Kamoy, teman SMA Laura akhirnya datang setelah setengah jam Laura menunggunya di resto cepat saji ini.

"Lama banget, Moy. Hampir ngelamar jadi security di sini gue," sindir Laura.

Kamoy tertawa menyibakkan rambutnya yang lepek, "Macet, Coy. Jakarta gitu loh."

"Sok lo, pinggiran Jakarta aja."

"Ih tetep aja macet."

"Itu gue tanya kenapa muka lo dilipet begitu, ada yang nggak beres hari ini?"

Inilah mengapa Laura bisa berteman sampai sekarang dengan Kamoy. Di balik sisi jahil tingkat dewa, Kamoy selalu tahu jika ada yang tidak beres pada Laura. Bukan hanya dari raut wajah, tapi ia juga bisa merasakan walau hanya dari percakapan di chat.

"Biasalah, kalau nggak nyatok berarti sama dengan nggak beres ni hari."

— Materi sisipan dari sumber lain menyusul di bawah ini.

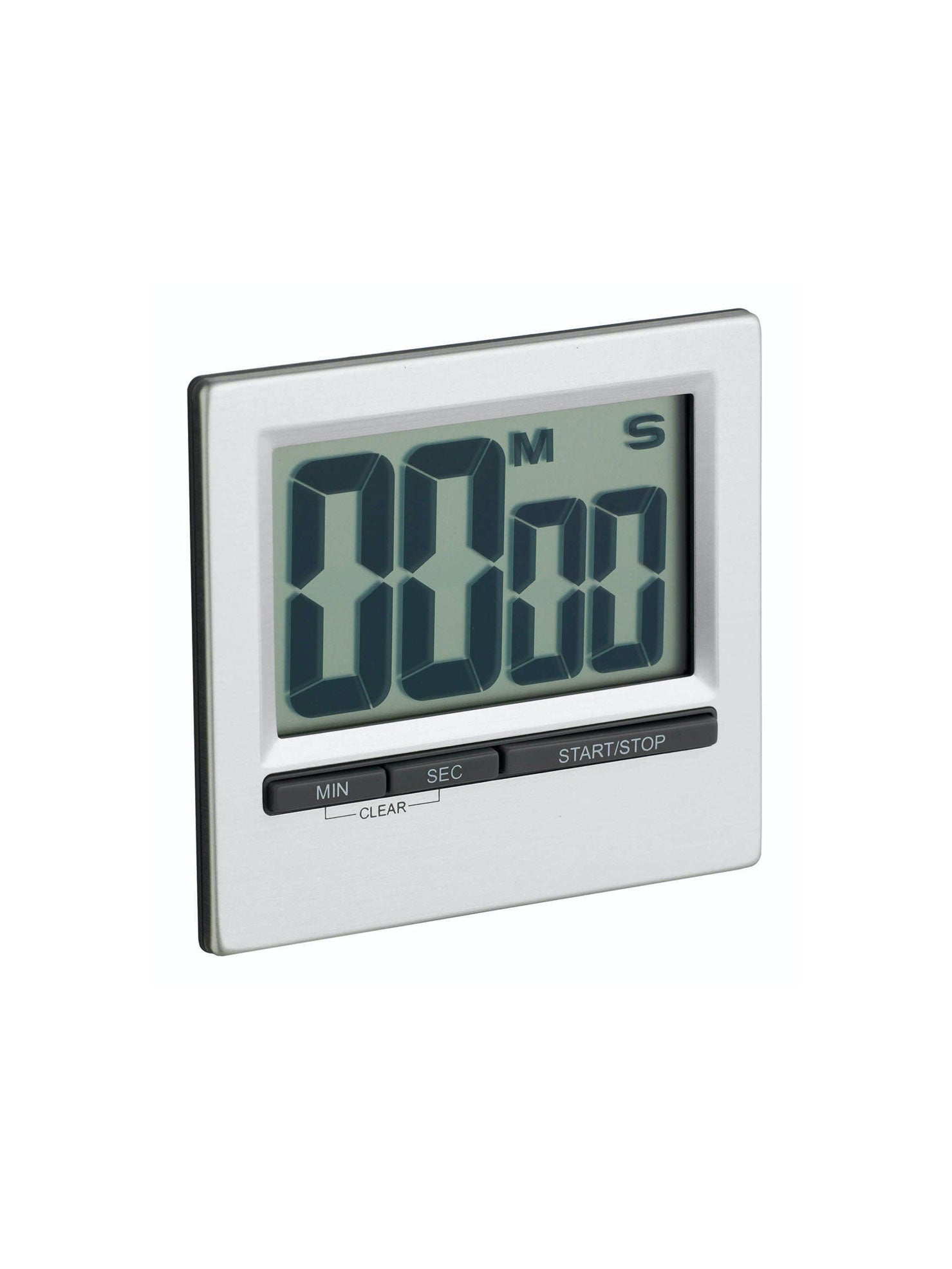 Here we have the Large Display CountdownTimer from Kitchen Craft. With a stylish silver finish, the timer not only looks great but is extremely easy to operate. The one hundred minute count up and count down timer features a large easy to read LCD display and an extra loud beep for the hard of hearing! It also includes a fold out stand, clip, and magnetic fixing for easy display and storage.

Kamoy memutar matanya ke atas, "Bukan karena lo nggak nyatok trus hari ini jadi nggak beres. Lo nggak nyatok karena lo kesiangan, nah kata orang kalo orang bangun siang itu rejekinya dipatok ayam. Salahin tuh ayam, jangan catokan." Kamoy mengambil kentang goreng dari piring Laura.

"Lagian sakti banget catokan lo bisa jadi pertanda buruk atau nggaknya hari lo."

Bibir Laura sudah maju-maju mendapat ceramah dari Kamoy.

"Emang apa aja yang nggak beres?" Walau ceramah jalan terus, Kamoy tetap ingin tahu apa yang terjadi pada sahabatnya ini.

"Tadi hampir ketinggalan kereta, teruuuuus...." Laura mengingat-ingat kejadian buruk apa saja yang ia sudah lalui tadi pagi. "Oh iya! Jadi gue nyari tempat duduk di gerbong yang sepi kan karena masih di stasiun awal, terus satu gerbong itu cuma ada gue sama laki-laki gagah tapi jauh duduknya dari gue, nah gue cuek dong bebenah nyisir rambut dan lain-lain. Eh terus rambut singa gue ini nyangkut di sisir, nggak sengaja gue teriak. Terus laki-laki itu nyamperin gue."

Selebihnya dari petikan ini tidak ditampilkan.